Fake News Has Rocked America. So How Do We Fix The Problem?

One professor thinks she may have found the answer.

The pope endorsed Donald Trump. Barack Obama is banning the pledge of allegiance. Hillary Clinton has died of a heart attack.

Each of these hoax stories went viral during the 2016 election as Americans were inundated with what has been aptly described as "fake news." But while most Americans have no trouble pointing to the problem, quite a number of Americans are having trouble figuring out how to fix it.

Except for Vivian Vasquez.

Vasquez, a professor in the School of Education at American University, worked in education for 14 years teaching children between the ages of three and eight years old. Now she is an academic and researcher, and she's been studying the antidote to fake news: critical reading skills. Through her research, Vasquez has discovered that children as young as three years old are capable of reading critically and identifying why and how stories are being delivered to them.

Vasquez began researching how children took in everything from what they read on food packages to the news around them. Time and again, she discovered that children were not just capable of critical reading skills — they were actively engaged in critical reading practices. While Vasquez says it is impossible to know how well the average child might identify or recognize fake news — "the notion of an average child is really an arbitrary designation" — she sees direct results in how teaching critical reading skills change the way children approach text.

"I do know that those who have learned to engage with texts from a critical literacy perspective readily employ strategies for understanding what texts are trying to convince them of doing, saying and believing," Vasquez told A Plus in an email. "These children understand that no text is ever neutral and that all texts are constructed from particular perspectives."

Vasquez (front left) with a group of children and adults at a critical literacy symposium that she helped organize at American University
Vasquez (front left) with a group of children and adults at a critical literacy symposium that she helped organize at American University Vivian Vasquez

If you are going to combat "fake news," the first thing you need to do is accurately define what that means. Vasquez says the term has become a "catch-all phrase" for any news we don't agree with or don't like. In particular, it's used that way by people in positions of power to deride the mainstream media.

But according to Vasquez, this isn't what actually constitutes fake news.

"I would define fake news as a broadcast or published report that is both intentionally and verifiably fabricated or fake with the intent of misleading readers, listeners or viewers for a particular reason," Vasquez said. "These reasons include the entertainment of others, to convince someone to buy into a certain way of thinking or perspective, to cause outrage as a way to gain support for a particular perspective, and to encourage mistrust or doubt."

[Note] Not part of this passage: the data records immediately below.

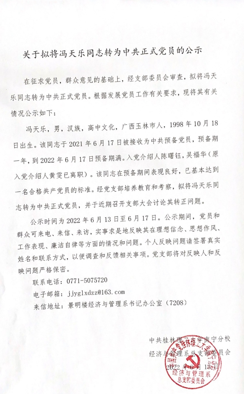 关于拟将冯天乐同志转为中共正式党员的公示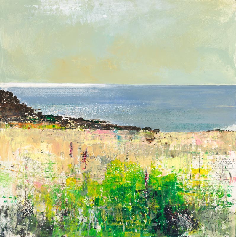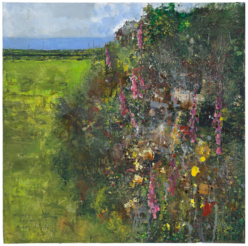 Cornish hedge, whitethroat singing. 2025. <br> <strong> mixed media on wood panel. <br> 60 x 60cm. <br> JF2284 <br> <br> £8,500 </strong>View Larger Image
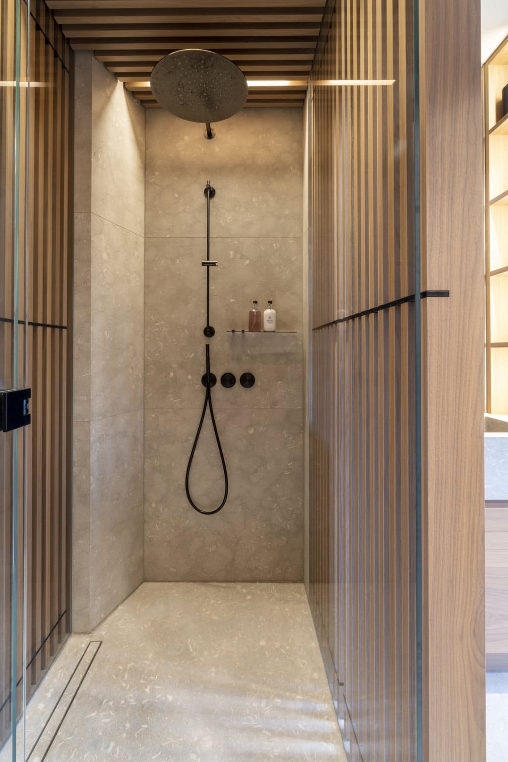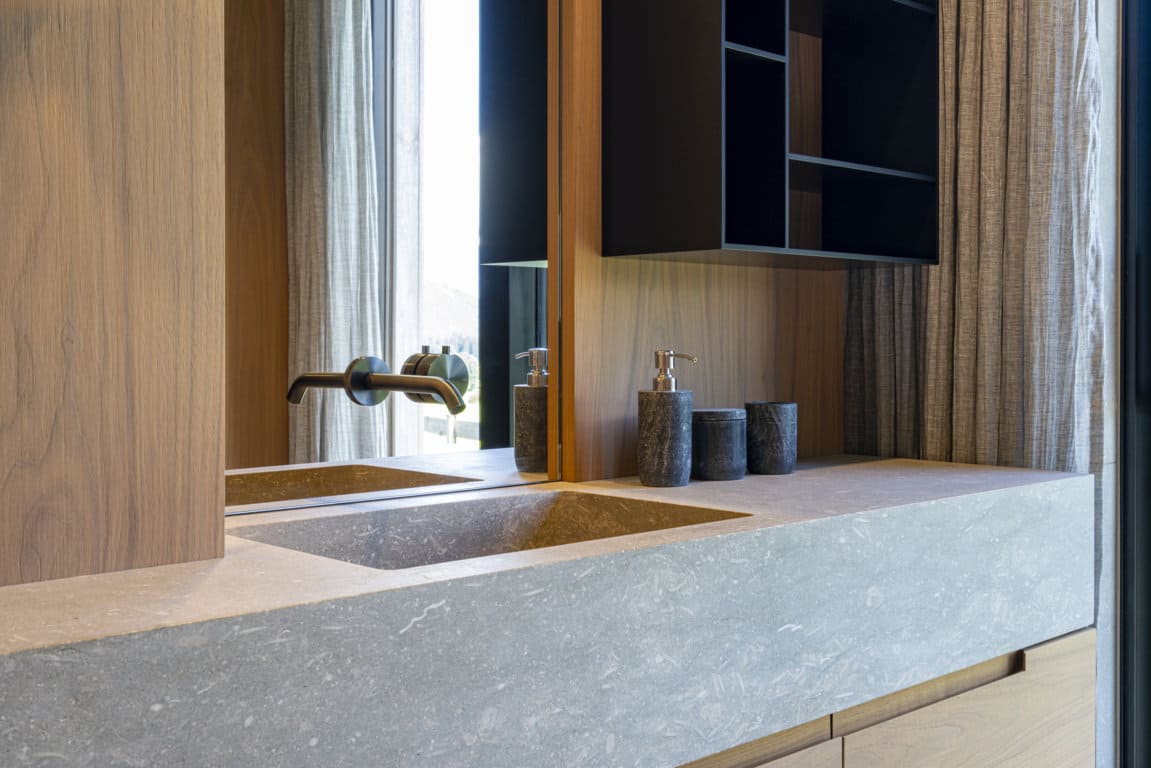 Nous trouvons des finitions de haut niveau qui mettent en valeur l’harmonie de la pierre naturelle, du béton, du noyer, du verre et du métal.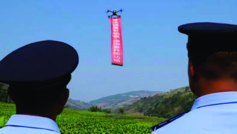 德宏边境管理支队中山边境派出所民警利用警用无人机在空中盘旋喊话宣传。云南法治网
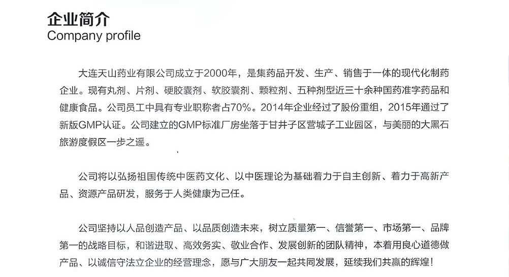 | 公司名稱:大連天山藥業(yè)有限公司 | |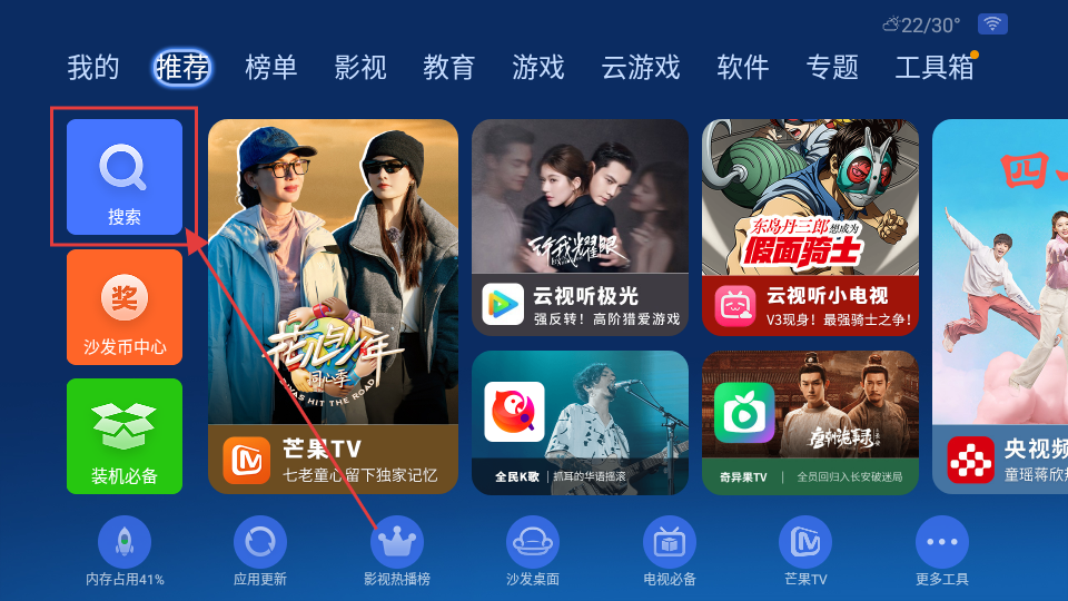 1、在主界面点击【搜索】按钮,进入搜索页面可查找想要的应用或影视哦。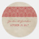 Einfache und elegante Rustikale Spitzen-Hochzeitskleber mit Vintagem Texturlook im Hintergrund und einem süßen und tönigen Spitzen-Rahmen in dunkelrot. Einfach anpassen, einfach Ihre Hochzeitsdetails hinzufügen. Klicken Sie auf "Anpassen", um weitere Personalisierungsoptionen zu erhalten.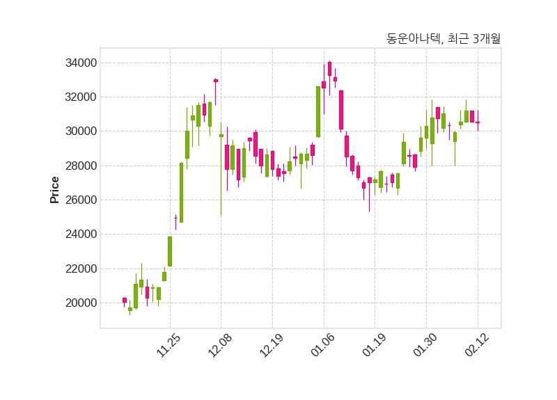 한편, 동운아나텍의 15시 02분 현재주가는 30,500원으로 직전 거래일 대비 50원(-0.16%) 하락이며, 거래량은 80,550주이다.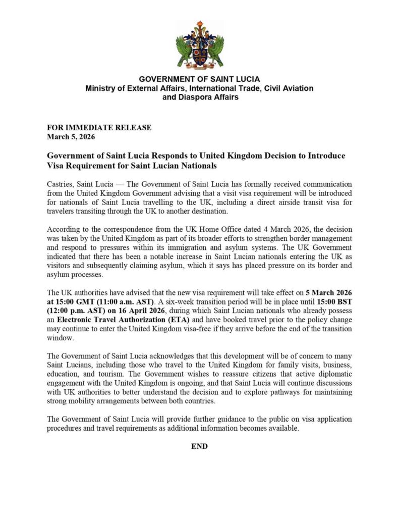 According to the correspondence from the UK Home Office dated 4 March 2026, the decision was taken by the United Kingdom as part of its broader efforts to strengthen border management and respond to pressures within its immigration and asylum systems. The UK Government indicated that there has been a notable increase in Saint Lucian nationals entering the UK as visitors and subsequently claiming asylum, which it says has placed pressure on its border and asylum processes.
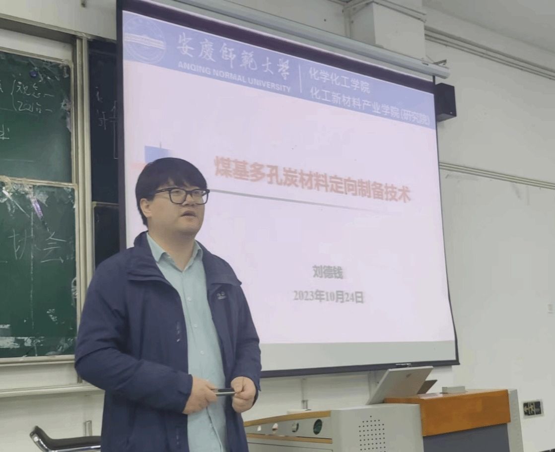 2023年10月24日晚上,15vip太阳集团刘德钱博士在龙山校区C108教室作了题为“煤基多孔炭材料定向制备技术”的学术报告。公司化学工程与工艺专业100多位同学参加了此次报告会。

Perhaps the most prominent example of fake news in the United States, she said, was birtherism; the story that former President Barack Obama was not born in America. Fake news has become so pervasive — not just as a term, but actual fake news in our lives — that Vasquez began considering how it was affecting children, many of whom spend significant time on the Internet.

John Gress Media Inc / Shutterstock.comSMLXLSize Guide
John Gress Media Inc / Shutterstock.comSMLXLSize Guide

In November of 2016, a Pew Research poll found that 86 percent of Americans use the Internet, where some of the most popular fake news lives. 68 percent use Facebook and 21 percent use Twitter, where fake news is most popular and most often circulated. 

"Given that fake news stories circulate most widely via Facebook and Twitter it would follow that many more children than we likely imagine have been and continue to be exposed to fake news stories either directly as social media participants or indirectly through their families, acquaintances and friends," Vasquez said.

To help frame children's thoughts, Vasquez will have them ask questions that can help them identify fake news. Questions like "What is this story trying to do to me?" or "What sources are cited?" are questions children under the age of eight can address and flesh out. 

"Children spend a great deal of time online and need to realize that some of the material they find online are generated for the primary purpose of getting as many hits, clicks, likes as possible," Vasquez said. "As they engage with multimodal texts one of the things I encourage is listening differently, listening critically, listening with a healthy skepticism where you are not being quick to accept what is held out as truth."

Teaching students these critical reading skills is most successful in classrooms where teachers respect student resistance and address the diverse needs and literacies of the students involved, Vasquez explained. Ultimately, though, her work has shown her that our children are perfectly capable of learning how to identify and parse complex news stories that may indeed be fake. And with Internet access and fake news both at an all-time high here in the United States, those critical reading skills will be incredibly important for the next generation to participate in democracy with real facts readily at hand.

"The work the children do is both powerful and pleasurable and often it has real-world effects that result in change," Vasquez said. "Knowing this gives me hope for the future."